(Extracted records)
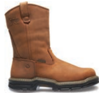
10" Brown W02165 Steel-Toe W02166 Soft-Toe
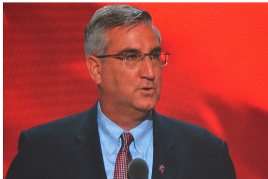
Lt. Gov. Holcomb nominated Gov. Mike Pence for vice president at the Republican National Convention in Cleveland.

"Let me just reiterate, I am going to support him," Rokita said. Brooks added, "I want to congratulate Lt. Gov. Holcomb on his selection by the state committee to be the Republican nominee for governor of Indiana and thank the committee for their time and consideration. He is a strong representative of our party and is committed to continuing the past 12 years of fiscal discipline, low taxes and conservative leadership of our state that has boosted our economy and brought good jobs for Hoosiers. Over the next 105 days, I will work hard to support Lt. Gov. Holcomb and to
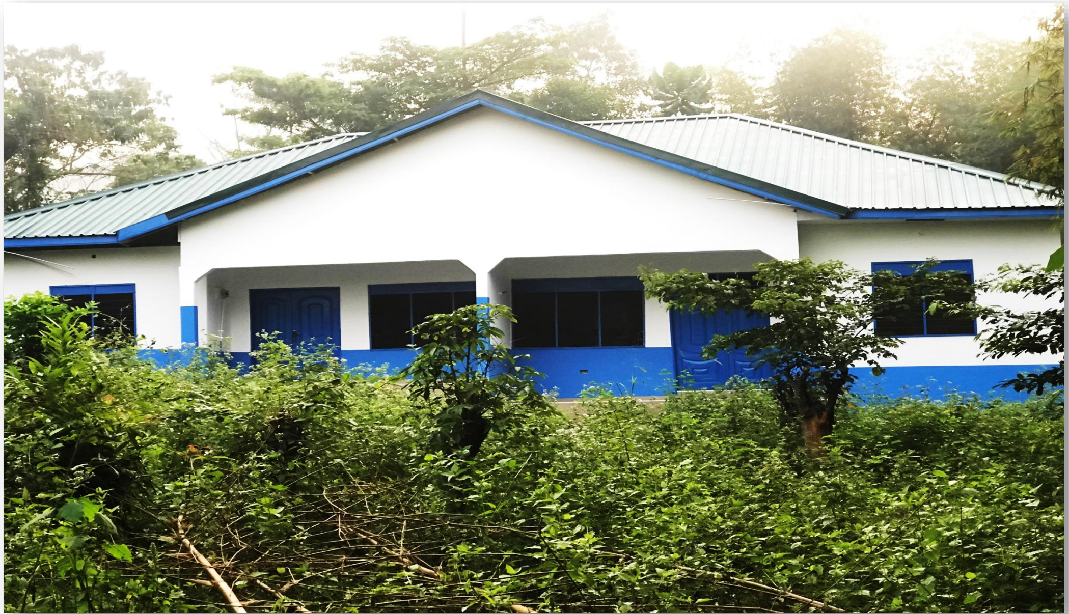
NURSES' QUARTERS WITH MECHANIZED BOREHOLE AT HEMAN, FANTEAKWA DISTRICT
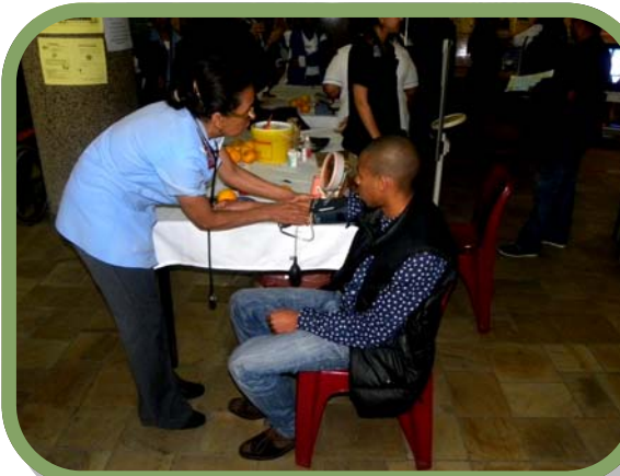
Addington Staff Checking Vital Signs
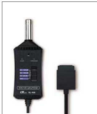
SOUND ADAPTER, SL-407
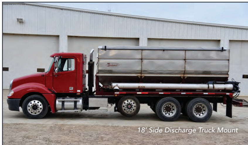
18' Side Discharge Truck Mount

Your objective
The entries above are to be copied exactly, with every picture left out.

Answer space
10" Brown W02165 Steel-Toe W02166 Soft-Toe
Lt. Gov. Holcomb nominated Gov. Mike Pence for vice president at the Republican National Convention in Cleveland.

"Let me just reiterate, I am going to support him," Rokita said. Brooks added, "I want to congratulate Lt. Gov. Holcomb on his selection by the state committee to be the Republican nominee for governor of Indiana and thank the committee for their time and consideration. He is a strong representative of our party and is committed to continuing the past 12 years of fiscal discipline, low taxes and conservative leadership of our state that has boosted our economy and brought good jobs for Hoosiers. Over the next 105 days, I will work hard to support Lt. Gov. Holcomb and to
NURSES' QUARTERS WITH MECHANIZED BOREHOLE AT HEMAN, FANTEAKWA DISTRICT
Addington Staff Checking Vital Signs
SOUND ADAPTER, SL-407
18' Side Discharge Truck Mount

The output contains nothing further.